Outdoor eating event in Helsinki, Finland

Dinner under the Helsinki sky (Illallinen Helsingin taivaan alla, Middag under Helsingfors himmel) is an event where people gather for a picnic dinner outside into an urban public spaces for example in yards, parks, sidewalks or squares.

The event was organised for the first time in Helsinki as a part of the Helsinki Day 12.6.2013. It was organised in one of the main streets, Pohjoisesplanadi, which was closed from traffic. The tables for 1000 participants were carried on the street and covered with white tablecloths where participants set their own dinner. The event was free but 700 places were booked out in the event's webpage after two minutes. The rest of the places could be redeemed from the Helsinki City Hall.

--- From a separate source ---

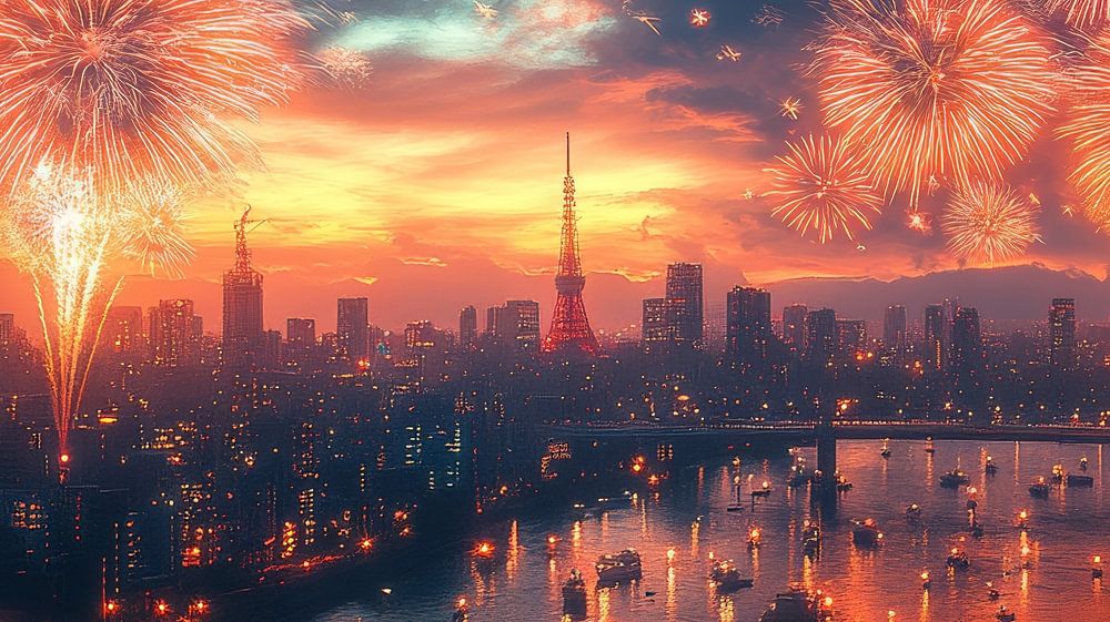 Ein atemberaubendes Fest des Lichts und der Farben: Ein Feuerwerk erhellt die Skyline einer pulsierenden Stadt. Die glühenden Reflexionen tanzen auf dem Wasser und schaffen eine perfekte Harmonie aus städtischer Schönheit und Festlichkeit. Dieses Kunstwerk fängt die Magie einer besonderen Nacht voller Freude und Wunder ein.

==Dinner under the Helsinki sky Everywhere==
Inspired by the Helsinki-day event, the dinner under the Helsinki sky was organised again 8.8.2013. This time all residents could organize the dinner where ever they wanted, in the inner yards, nearest parks or for example on the sidewalk in front of their own house. The participants had to point out their dinner on a map in the event's web page and cover their tables with white tablecloths. The dinners were organized for example in one of the main parks in Helsinki, on a beach, and in the Teurastamo courtyard. The event was organized in co-operation with Helsingin Energia and Helsinki city's Department of Public works.

Similar events have been organized around the world, for example, the Dîner en blanc, which has been arranged since 1988. The Dinner under the Helsinki sky is however more an unofficial and informal event where all the inhabitants can take part in.

The event has been repeated every year since, as advertised by the city's Helsinki Day event page as of 2024.

==Background==
Both events are created by Yhteismaa ry - Commonland, organization whose other projects are The Cleaning day, Parking day and Nifty Neighbor – A Place to Care.